I don't have control over kernel versions or compilation flags for the
kernel on the systems I'm targeting and I've had significant
difficulty trying to compile CO-RE programs (e.g. from the BCC repo's
libbpf-tools) on Linux <5.4 because I've had a hard time getting the
vmlinux. I can't remember if I used bpftool though (this was about a
year ago that I last played with CO-RE), so perhaps I'll give it
another shot.
Yeah, getting all your ducks in a row when compiling can be a bit of an
issue. However, I don't think you need anything special from the kernel
at compile-time if you just compile your own programs with a vmlinux.h
file you generated on a kernel that has been compiled with BTF.
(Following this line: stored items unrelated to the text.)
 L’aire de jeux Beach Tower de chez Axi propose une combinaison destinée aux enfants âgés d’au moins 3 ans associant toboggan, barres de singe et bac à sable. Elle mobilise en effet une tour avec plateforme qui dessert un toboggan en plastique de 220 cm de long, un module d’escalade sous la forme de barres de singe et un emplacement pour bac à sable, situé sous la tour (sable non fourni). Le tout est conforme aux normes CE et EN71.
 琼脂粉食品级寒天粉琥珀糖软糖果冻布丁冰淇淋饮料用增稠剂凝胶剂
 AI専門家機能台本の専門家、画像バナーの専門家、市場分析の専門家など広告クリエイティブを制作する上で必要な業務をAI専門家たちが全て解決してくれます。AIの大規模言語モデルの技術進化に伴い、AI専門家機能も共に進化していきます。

I've also been very unclear, and have gotten many different answers
regarding the target systems and whether they need to be custom
compiled with BTF enabled for CO-RE programs to run on them, or if you
can put a CO-RE program onto a generic kernel build and it "just
works?" From your answer, the answer seems to be that
/sys/kernel/btf/vmlinux needs to be on the target system, so it must
have that BTF_ENABLE flag set?
Well, you'll need the BTF information of the running kernel. It doesn't
*have* to come from /sys/kernel/btf/vmlinux, libbpf will look for it in
a few other locations as well:

https://github.com/libbpf/libbpf/blob/master/src/btf.c#L4583

Distros have gotten pretty good about enabling BTF in their kernel
builds, though, so it's getting increasingly feasible to rely on it. It
should certainly be available on RHEL8 (and thus CentOS 8).
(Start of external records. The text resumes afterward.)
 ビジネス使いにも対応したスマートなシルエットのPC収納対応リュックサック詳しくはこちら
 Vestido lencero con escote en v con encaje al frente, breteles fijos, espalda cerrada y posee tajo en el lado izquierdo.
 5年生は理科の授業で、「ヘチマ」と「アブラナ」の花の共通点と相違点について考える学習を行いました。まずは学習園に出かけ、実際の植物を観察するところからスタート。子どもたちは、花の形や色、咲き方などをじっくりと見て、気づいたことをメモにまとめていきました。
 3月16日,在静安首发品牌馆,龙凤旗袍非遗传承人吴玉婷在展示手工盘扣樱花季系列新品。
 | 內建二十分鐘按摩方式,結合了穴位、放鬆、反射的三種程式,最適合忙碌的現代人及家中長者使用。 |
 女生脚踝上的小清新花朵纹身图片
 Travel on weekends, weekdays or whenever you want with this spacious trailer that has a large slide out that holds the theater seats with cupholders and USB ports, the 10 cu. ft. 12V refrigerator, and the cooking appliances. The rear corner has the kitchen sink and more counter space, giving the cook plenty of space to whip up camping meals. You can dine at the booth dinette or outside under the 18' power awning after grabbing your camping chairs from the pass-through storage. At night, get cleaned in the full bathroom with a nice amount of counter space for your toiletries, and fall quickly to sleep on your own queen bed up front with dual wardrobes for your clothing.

If that's set, do you also need a vmlinux.h file as well? A coworker
was recently messing with CO-RE and seemed to think that deploying a
CO-RE program required shipping the vmlinux.h file and I think he
mentioned that file was about 1Gb big, which is certainly a no-go for
our position.
No, you don't need to ship the vmlinux.h file. That's just a regular
header file with an unusual amount of definitions in it, that will be
used at compile time. It can be useful to include a copy of it in your
source code repository, though, as mentioned above. That's what BCC
does, for instance:
https://github.com/iovisor/bcc/tree/master/libbpf-tools/x86

An no, it's not 1GB in size. Maybe that size was from before BTF
de-duplication got implemented? The one linked above is 2.7M.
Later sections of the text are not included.